TASK -> From the line containing "Naklejka premium A" to the line containing "국제표준 ISO/IEC 27001과" in the records below, set down every line exactly as it stands, both ends included, and skip the pictures.

EXCERPTED DATA ->
BEGIN

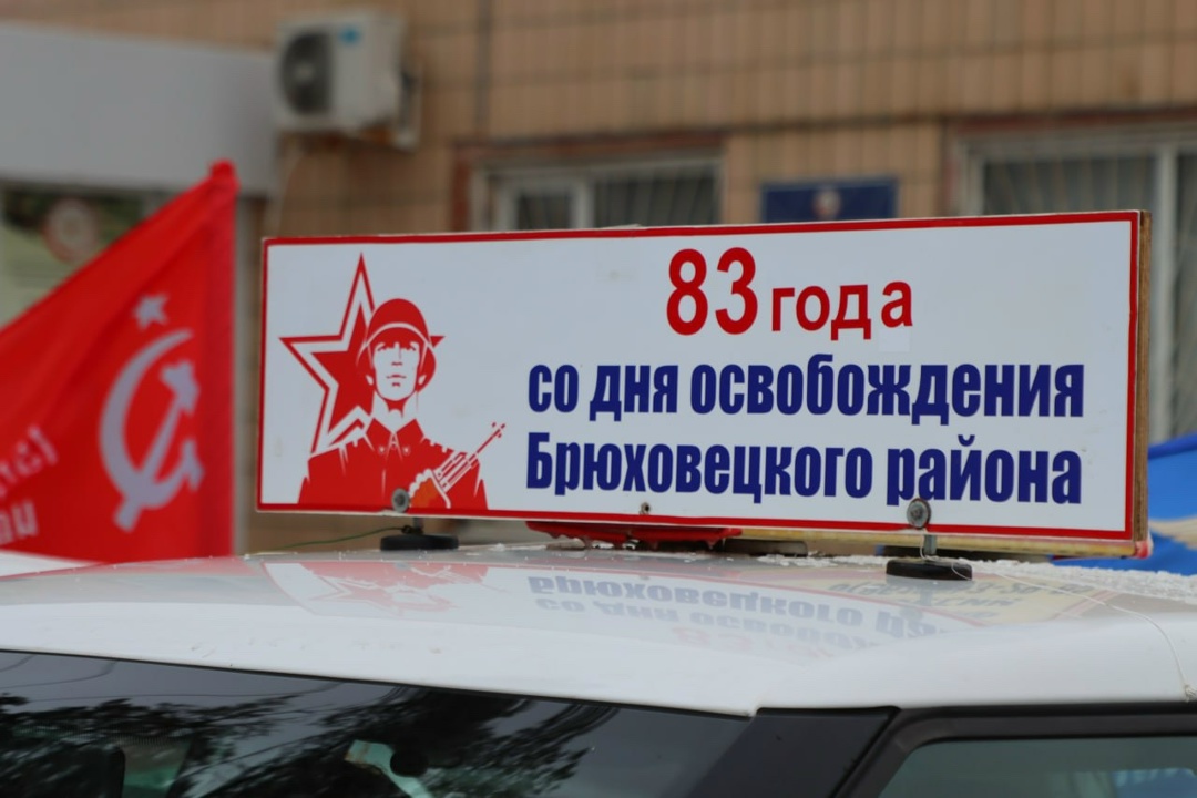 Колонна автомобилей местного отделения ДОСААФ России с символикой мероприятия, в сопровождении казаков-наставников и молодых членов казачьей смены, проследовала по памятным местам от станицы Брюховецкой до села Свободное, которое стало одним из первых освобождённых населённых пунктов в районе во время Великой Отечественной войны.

END
BEGIN

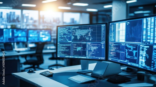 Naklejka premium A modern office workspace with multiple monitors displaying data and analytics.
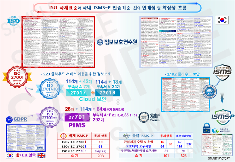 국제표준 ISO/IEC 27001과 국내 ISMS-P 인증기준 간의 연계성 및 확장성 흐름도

END

FINISHED EXERCISE ->
 Naklejka premium A modern office workspace with multiple monitors displaying data and analytics.
 국제표준 ISO/IEC 27001과 국내 ISMS-P 인증기준 간의 연계성 및 확장성 흐름도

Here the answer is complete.